Марина Николаевна вспомнила случай с Женькой. Как-то Женька вернулась после работы домой, а там орудовал вор. Она рассказывала, что опустилась неслышно в кресло и наблюдала, как вор, молодой парень, копался в шкафу. Наконец он заметил ее, испугался и вытащил нож. От страха глаза у него были решительными, он был лысый, худой. Она говорила, что боялась узнать в нем кого-нибудь из своих бывших учеников. Нет, он был чужой. Она перевела взгляд на иконку Богородицы, и он перевел взгляд на эту иконку. Вдруг он спрятал нож, пошел к входной двери мимо Женьки и произнес: «Иконка как у моей бабушки». Марине Николаевне казалось, что про иконку молодой вор ничего в действительности не говорил, он увидел иконку, но слов про иконку не говорил. Слова за молодого вора придумала Женька. Придумала для нее, для Марины Николаевны. Придумала, чтобы это спасение Женькино не показалось бы Марине Николаевне напыщенно чудодейственным, а чтобы казалось психологическим: не иконку увидел и одумался, а иконку своей бабушки увидел и остановился. Женька словно хотела сказать подруге: хочешь, думай, что не Богородица меня уберегла от ножа, а бабушка вора, всего лишь вор бабушку вспомнил.
Женька говорила Марине Николаевне, что больше любит Толстого, нежели Достоевского. Хотя на самом деле больше любила Достоевского. Говорила Женька, что у Толстого ей нравится торжество обновления жизни, если в одной главе кто-то из героев умирает, в следующей обязательно кто-то рождается.

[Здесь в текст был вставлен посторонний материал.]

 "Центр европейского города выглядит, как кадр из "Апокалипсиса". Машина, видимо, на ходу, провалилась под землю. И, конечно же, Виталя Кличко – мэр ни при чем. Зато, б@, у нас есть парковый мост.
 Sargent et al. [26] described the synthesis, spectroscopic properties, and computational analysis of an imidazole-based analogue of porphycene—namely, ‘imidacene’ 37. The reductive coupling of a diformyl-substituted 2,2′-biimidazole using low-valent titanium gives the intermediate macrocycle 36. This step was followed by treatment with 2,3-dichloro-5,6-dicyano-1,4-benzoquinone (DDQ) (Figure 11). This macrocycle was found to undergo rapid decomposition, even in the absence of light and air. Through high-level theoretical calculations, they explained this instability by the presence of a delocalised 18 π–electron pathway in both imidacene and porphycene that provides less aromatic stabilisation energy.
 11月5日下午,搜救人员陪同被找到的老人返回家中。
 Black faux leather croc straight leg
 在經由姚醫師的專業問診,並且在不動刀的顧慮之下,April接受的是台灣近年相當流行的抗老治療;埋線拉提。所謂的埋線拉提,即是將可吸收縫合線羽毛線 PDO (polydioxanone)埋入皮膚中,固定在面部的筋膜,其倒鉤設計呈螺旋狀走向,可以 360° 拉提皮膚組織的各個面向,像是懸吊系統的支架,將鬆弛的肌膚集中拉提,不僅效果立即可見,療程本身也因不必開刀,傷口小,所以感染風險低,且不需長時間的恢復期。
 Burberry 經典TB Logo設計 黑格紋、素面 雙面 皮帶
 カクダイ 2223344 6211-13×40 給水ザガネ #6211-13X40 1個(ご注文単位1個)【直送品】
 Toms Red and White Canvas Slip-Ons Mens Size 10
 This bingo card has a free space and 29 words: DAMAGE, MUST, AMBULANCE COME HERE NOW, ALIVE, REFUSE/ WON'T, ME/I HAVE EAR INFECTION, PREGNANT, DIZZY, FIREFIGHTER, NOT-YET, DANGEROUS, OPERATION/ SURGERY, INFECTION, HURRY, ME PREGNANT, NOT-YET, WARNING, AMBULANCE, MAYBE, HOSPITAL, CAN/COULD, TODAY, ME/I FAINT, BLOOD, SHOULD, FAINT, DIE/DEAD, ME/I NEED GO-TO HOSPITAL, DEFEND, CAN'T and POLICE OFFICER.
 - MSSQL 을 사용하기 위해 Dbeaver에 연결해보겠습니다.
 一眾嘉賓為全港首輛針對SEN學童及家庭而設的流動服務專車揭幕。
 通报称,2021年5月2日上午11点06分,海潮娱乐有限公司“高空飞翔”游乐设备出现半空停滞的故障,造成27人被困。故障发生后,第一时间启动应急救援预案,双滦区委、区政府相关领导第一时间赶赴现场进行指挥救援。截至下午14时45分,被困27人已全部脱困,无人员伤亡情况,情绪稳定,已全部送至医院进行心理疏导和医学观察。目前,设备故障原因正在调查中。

Марина Николаевна вздыхала: кто теперь народится на место Женьки?
Каждый Женькин день, размышляла Марина Николаевна, был правильным, и даже ее самоубийство казалось правильным. Иногда, думала Марина Николаевна, злорадствуют над самоубийцами, которые были верующими людьми. Не злорадствуйте! Не говорите, что они никакие не верующие, если наложили руки на себя. У некоторых самоубийц, у Женьки, самоубийство словно и не самоубийство вовсе. Это Женька вдогонку девочкам встала под рухнувшую школу. Не могла не встать вдогонку девочкам, вместе с девочками. Это – вдогонку, это общая смерть, а не ее смерть-самоубийство.
4. Педсовет
На педсовет собрались в гостинице. Мэрия временно отдала полгостиницы под школу.
Директриса Нина Ивановна была в черном пухлом двубортном пиджаке и темно-серой шелковой блузке. Шелковым светом сияли директрисины седые, с горестным тщанием прилизанные волосы, рыхлым стало ее белое, старое лицо, черными и слабыми были ее невыспавшиеся глаза. Марина Николаевна понимала, зачем Нина Ивановна надела пиджак покойного мужа: так ее скорбь выглядела простой, неприбранной, какой и должна быть скорбь, и по-особенному личной, непреодолимой, неслыханной – скорбью по близким людям и по себе самой, по своей судьбе. Может быть, она искала в мужнином пиджаке защиту для себя, защиту в умершем для живой.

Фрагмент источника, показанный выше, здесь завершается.